The least squares estimate of F is full rank; however, the fundamental matrix is a rank 2 matrix. As such we must reduce its rank. In order to do this, we can decompose F using singular value decomposition into the matrices $U \Sigma V' = F$ . We can then estimate a rank 2 matrix by setting the smallest singular value in $\Sigma$ to zero thus generating $\Sigma_{2}$ . The fundamental matrix is then easily calculated as $F = U \Sigma_{2} V'$ . We then check the fundamental matrix estimation by plotting epipolar lines.

The relevant code snippet is shown below.
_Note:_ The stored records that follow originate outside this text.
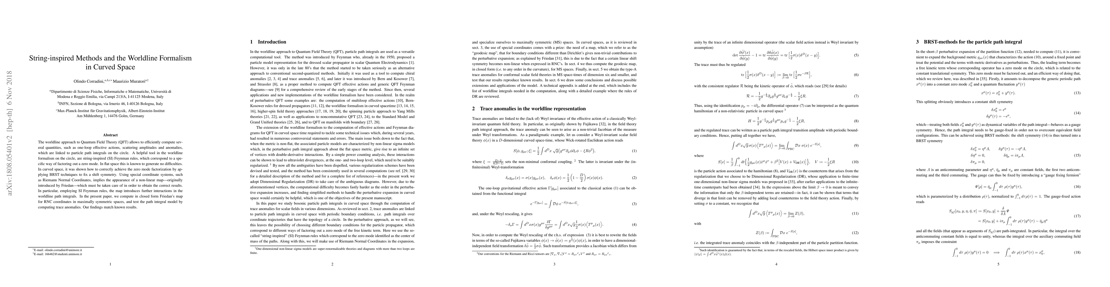 The worldline approach to Quantum Field Theory (QFT) allows to efficiently compute several quantities, such as one-loop effective actions, scattering amplitudes and anomalies, which are linked to particle path integrals on the circle. A helpful tool in the worldline formalism on the circle, are string-inspired (SI) Feynman rules, which correspond to a specific way of factoring out a zero mode. In flat space this is known to generate no difficulties. In curved space, it was shown how to correctly achieve the zero mode factorization by applying BRST techniques to fix a shift symmetry. Using special coordinate systems, such as Riemann Normal Coordinates, implies the appearance of a non-linear map---originally introduced by Friedan---which must be taken care of in order to obtain the correct results. In particular, employing SI Feynman rules, the map introduces further interactions in the worldline path integrals. In the present paper, we compute in closed form Friedan's map for RNC coordinates in maximally symmetric spaces, and test the path integral model by computing trace anomalies. Our findings match known results.
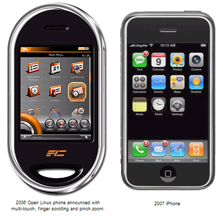 Nobody paid attention to it until the iPhone came out two months later. Suddenly reporters remembered it: Open Moko, Did They Have a Time Machine or What? (Proof that many ideas aren't noticed until a major company sells them.)
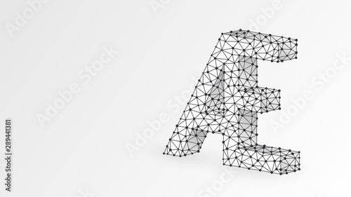 Initial based clean AE letter symbol. Universal elegant luxury alphabet aesh letter concept design. Abstract, digital, wireframe, low poly mesh, Raster white origami 3d illustration. Line dot
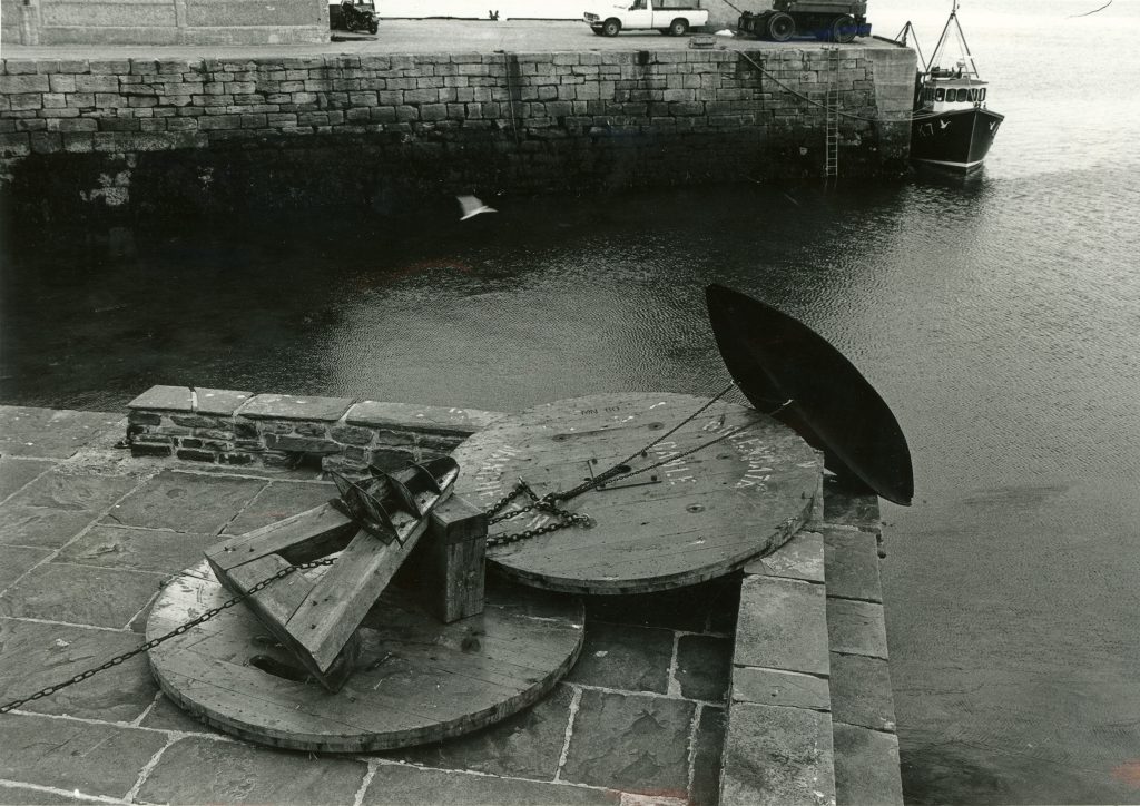In 1979 I moved, with the painter Joyce Cairns, to the former fishing village of Fittie bounded to the east by the sea, to the south by the mouth of the River Dee, and west by the harbour. For each of us this slowly permeated every aspect of our work as artists. For me this was reinforced by the dawning of the Scottish Sculpture Workshop which, for the first time, allowed me to work on a large scale, developing a vocabulary of basic structures to which I constantly return. These include a geometry of navigation signs that surrounded us or the canoe-like pod as a boat metaphor.
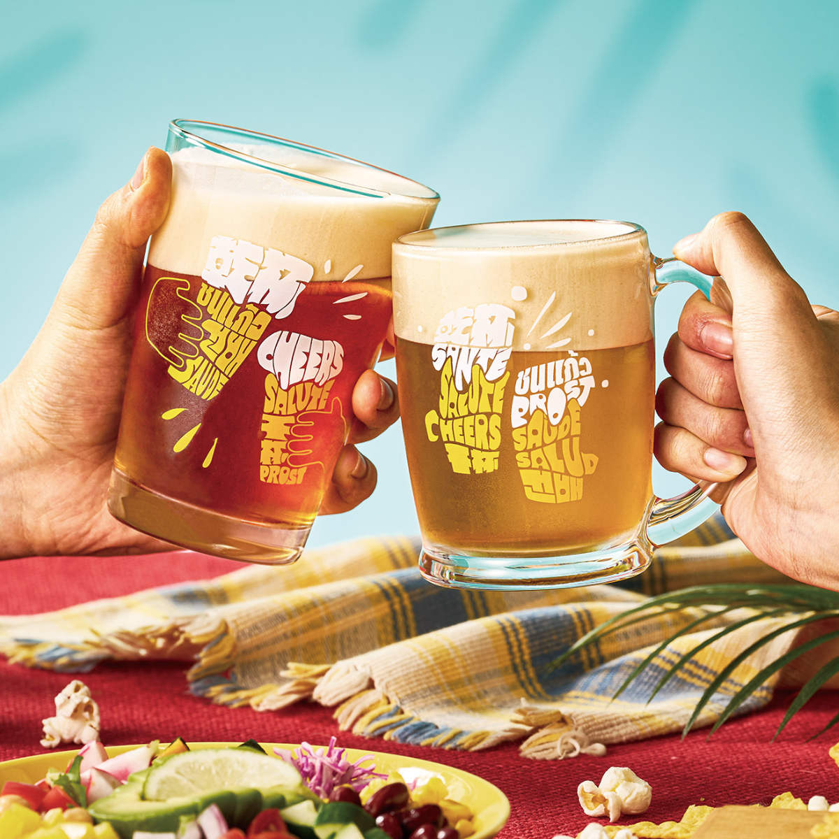 ●「乾杯」デザインのビールグラスは世界各国の挨拶がプリントされています。
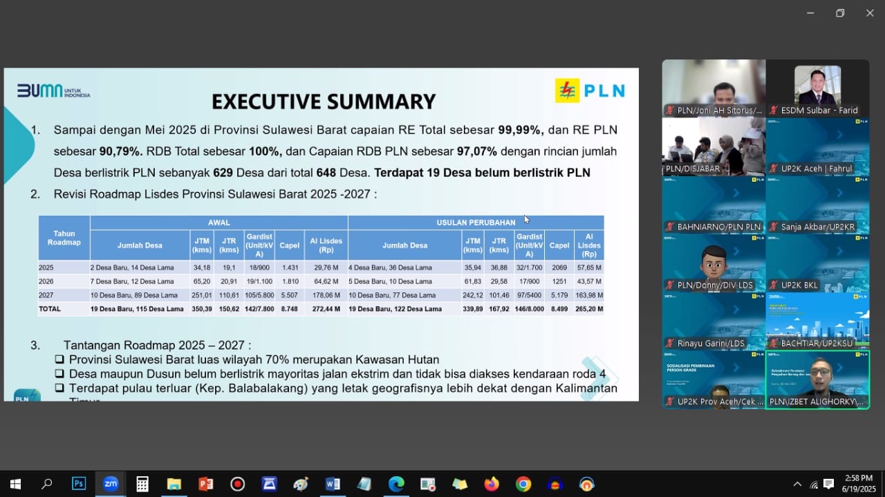 Sementara itu, Manager UP2K PT PLN Sulbar, Izbet Alighorky memaparkan bahwa hingga Mei 2025, Rasio Elektrifikasi telah mencapai 99,99% dan Rasio Desa Berlistrik (RDB) 100%. Namun, masih ada 19 desa belum dilistriki oleh PLN.
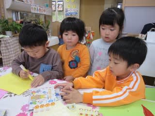 先日の製作の様子です。 この日はサンタさんを作りました! パーツは全て自分たちで貼って・・・ のりの感触を楽しみながら作ることが出来ましたよ(*^_^*) 少しずつサンタさんのこともわかってきて プレゼントの楽しみも…
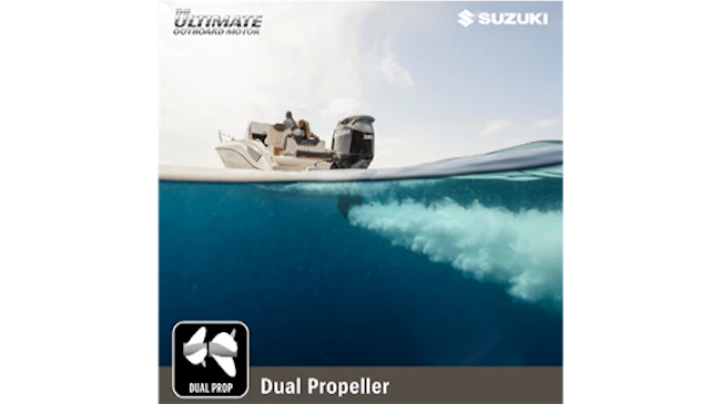 Beim Doppelpropellersystem von Suzuki werden zwei gegenläufige Propeller durch einen Motor angetrieben.
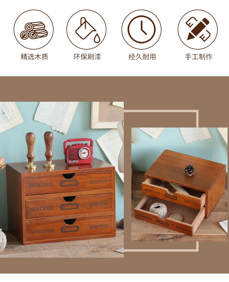 컴퓨터 모니터 높은 랙 빈티지 나무 캐비닛 사무실 데스크탑 다기능 서랍 형 마감 보관 상자
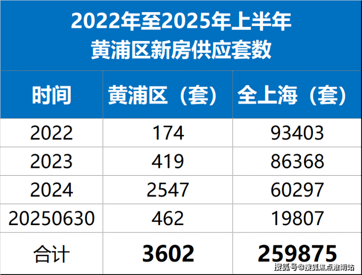2022年-2025年上半年,黄浦区新房供应仅约3602套,占总供应的1.38%,供应套数极少!
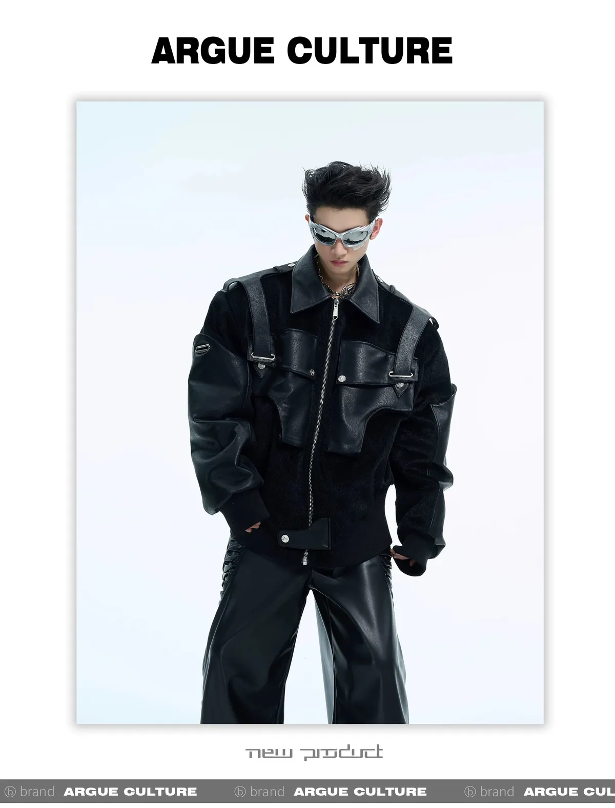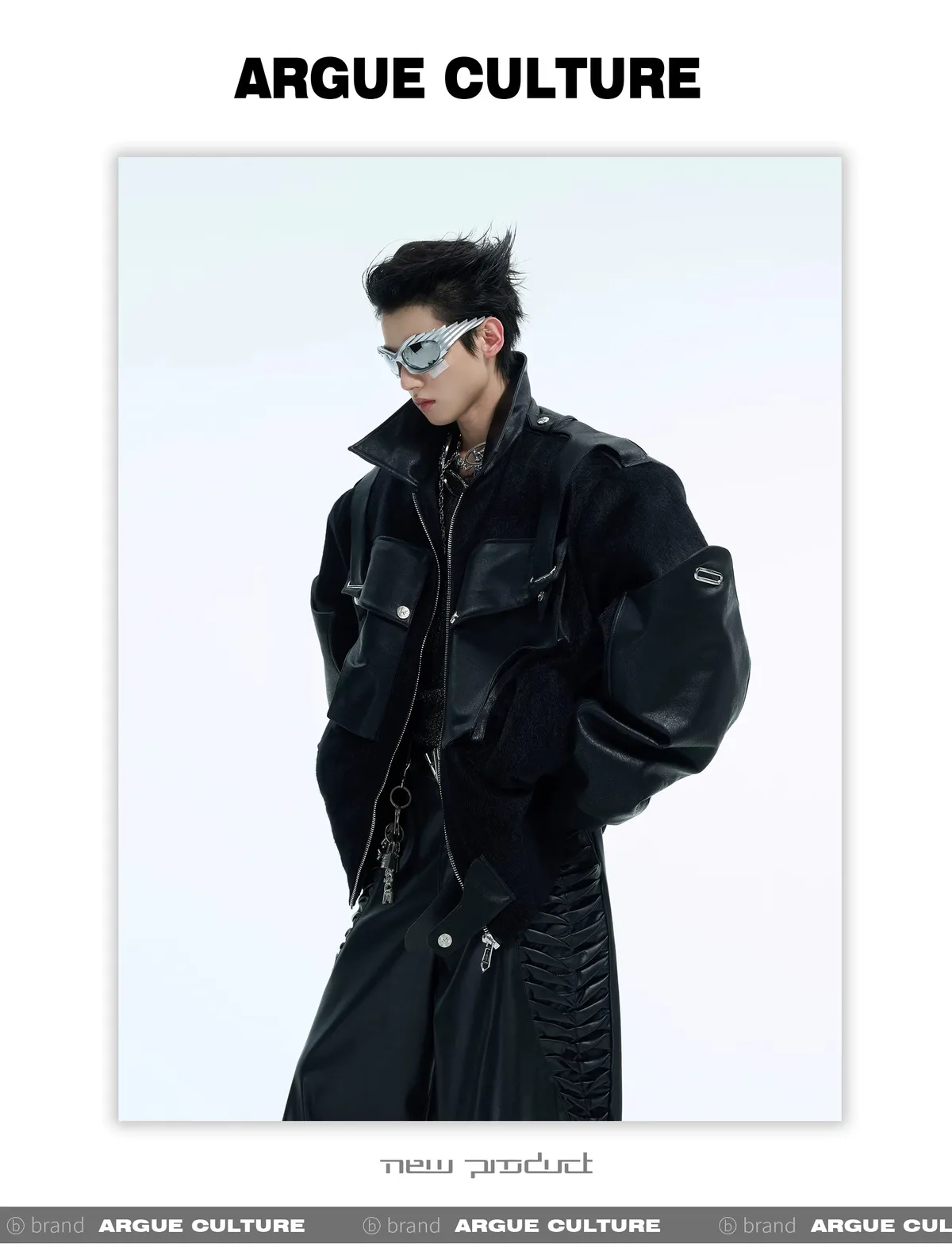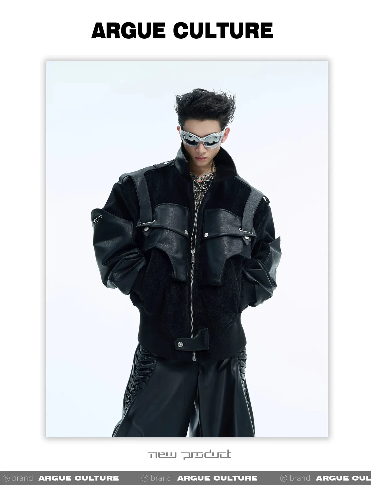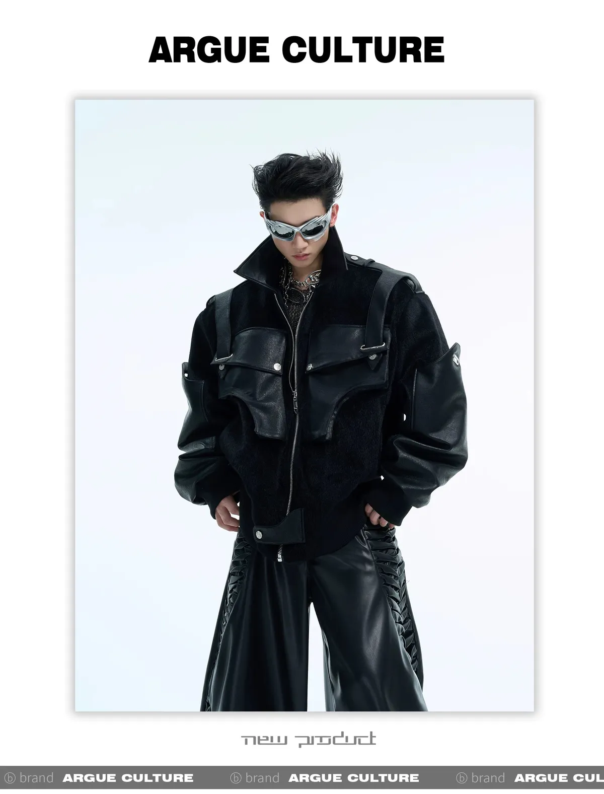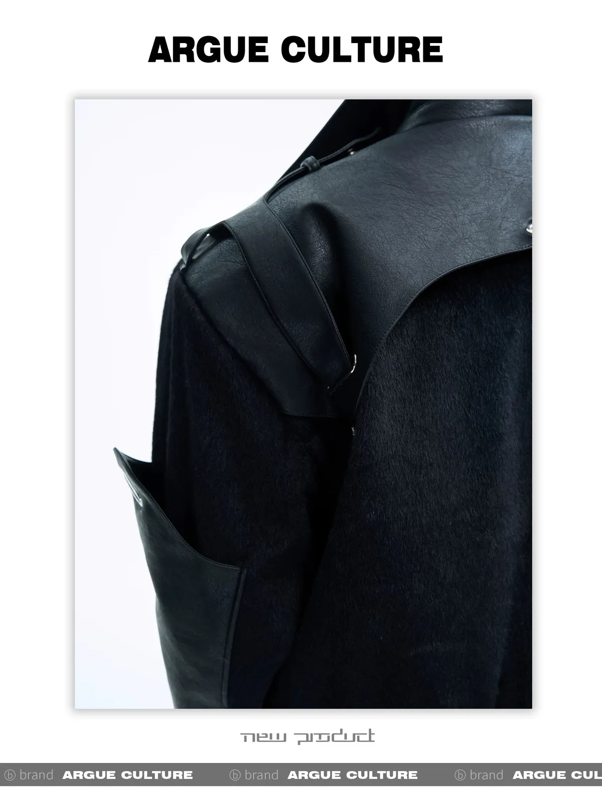 ARGUE 皮革拼接 解構 短毛絨 外套(黑色)
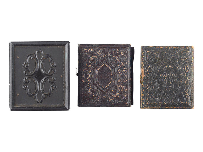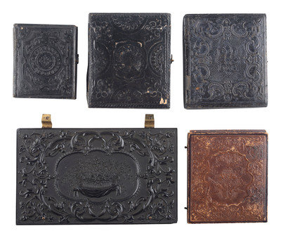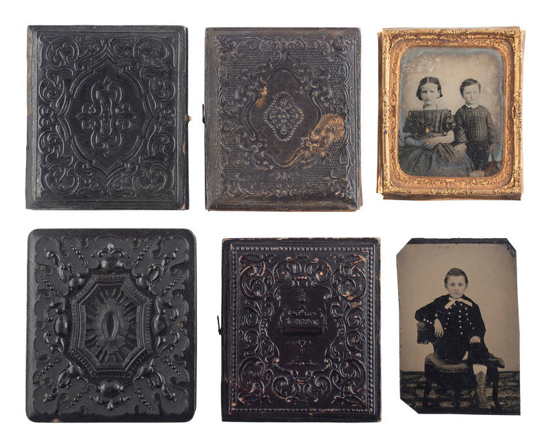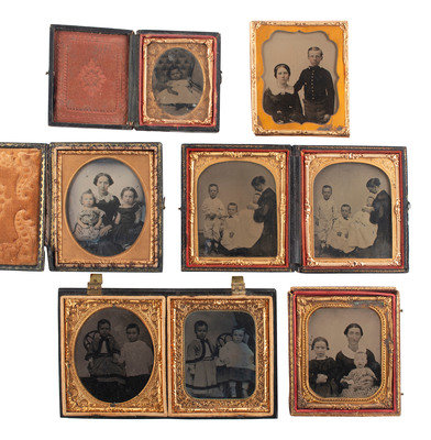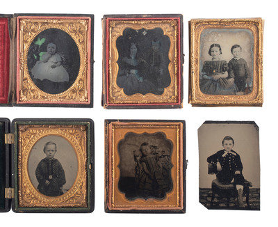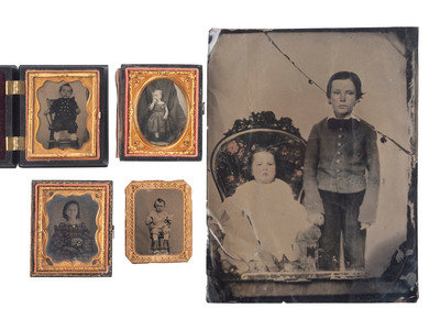 A pair of sixth plate tintypes of a mother and 3 children, taken in the same sitting. (Light blemishes; unsealed.) Housed together in a pressed paper case. -- Sixth plate ambrotype portrait of a disgruntled-looking young boy wearing a belted jacket suit. (Few scratches/spots of loss to image; unsealed.) Housed in a Union case with geometric design (chipping to edges, non-functioning closure clasp). -- Ninth plate tintype portrait of an African American baby seated in a large chair. (Some surface blemishes, creasing, and residue to plate; unsealed.) Housed in a pressed paper case (significant wear). -- And 15 others, including 7 sixth plate ambrotypes, 2 ninth plate ambrotypes, one full plate loose tintype, 3 sixth plate tintypes, and 2 ninth plate tintypes, some without cases. -- Together, 19 assorted portaits featuring children.
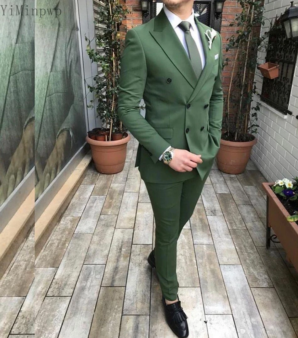 Мужской облегающий пиджак yimmerpwp, серо-зеленого цвета, двубортный пиджак с остроконечным лацканом, Свадебный костюм для жениха
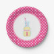 Plato De Papel 1r cumpleaños del lunar blanco rosado de la
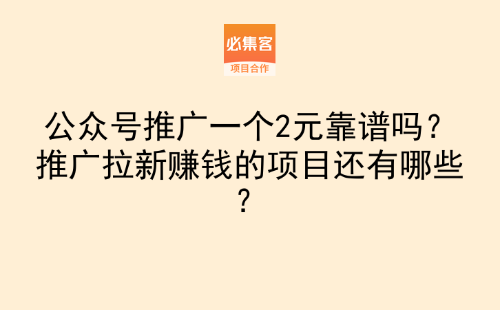 公众号推广一个2元靠谱吗?推广拉新赚钱的项目还有哪些?
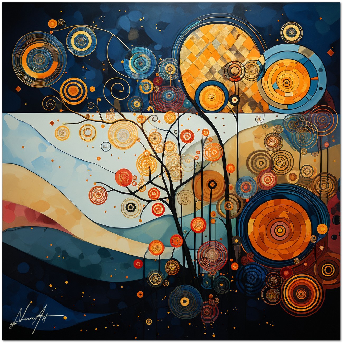 Das Werk von Eco di Forme fesselt den Betrachter mit einer Explosion kreisförmiger Formen und fließender Kurven, die in einem einnehmenden visuellen Rhythmus über die Leinwand zu tanzen scheinen. Diese Komposition, die warme und kalte Töne vermischt, erzeugt eine Dynamik aus Kontrast und Harmonie. Das Stück kann als künstlerische Interpretation visueller Musik interpretiert werden, bei der jeder Kreis eine Note und jede Zeile eine Melodie darstellt, die sich zu einer Symphonie der Formen verflechtet. Kreativer Prozess und Innovation
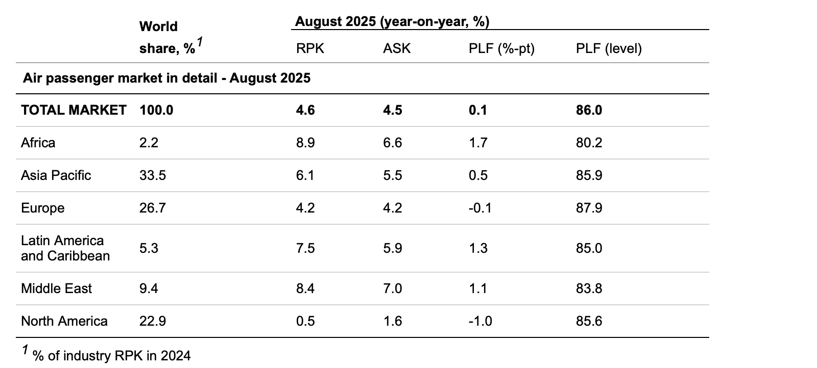 Total demand, measured in revenue passenger kilometres (RPK), was up 4.6% compared to August 2024. Total capacity, measured in available seat kilometres (ASK), was up 4.5% year-on-year. The August load factor was 86% (+0.1 ppt compared to August 2024), a record high for the month.
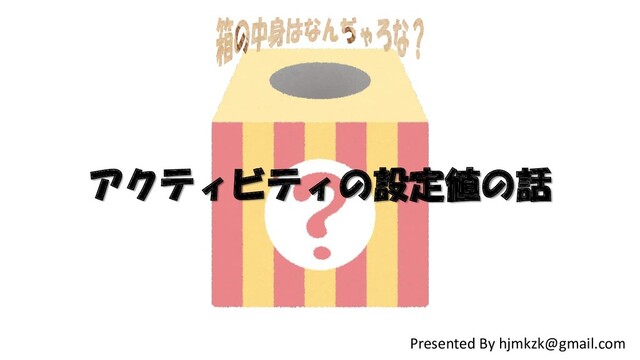 アクティビティの設定値の話 Presented By

Note that we also normalize the fundamental matrix which is discussed in a later section.

function [ F_matrix ] = estimate_fundamental_matrix(Points_a, Points_b)

norm_a = get_normalization_matrix(Points_a);
norm_b = get_normalization_matrix(Points_b);

Points_a = [Points_a ones(size(Points_a, 1), 1)] * norm_a';
Points_b = [Points_b ones(size(Points_b, 1), 1)] * norm_b';

u = Points_b(:, 1);
v = Points_b(:, 2);

A = [repmat(u,1,3) .* Points_a, repmat(v,1,3) .* Points_a, Points_a];

[~, ~, V] = svd(A);
f = V(:, end);
F_matrix = reshape(f, [3 3])';

[U, S, V] = svd(F_matrix);
S(3,3) = 0;
F_matrix = U*S*V';

F_matrix = norm_b' * F_matrix * norm_a;
        
end

The estimated fundamental matrix for the base pair of images is given below.

F_matrix =

    0.0000   -0.0000    0.0003
   -0.0000   -0.0000   -0.0028
    0.0001    0.0045   -0.1795

Here, we show a visualization of epipolar lines for the given pair of images.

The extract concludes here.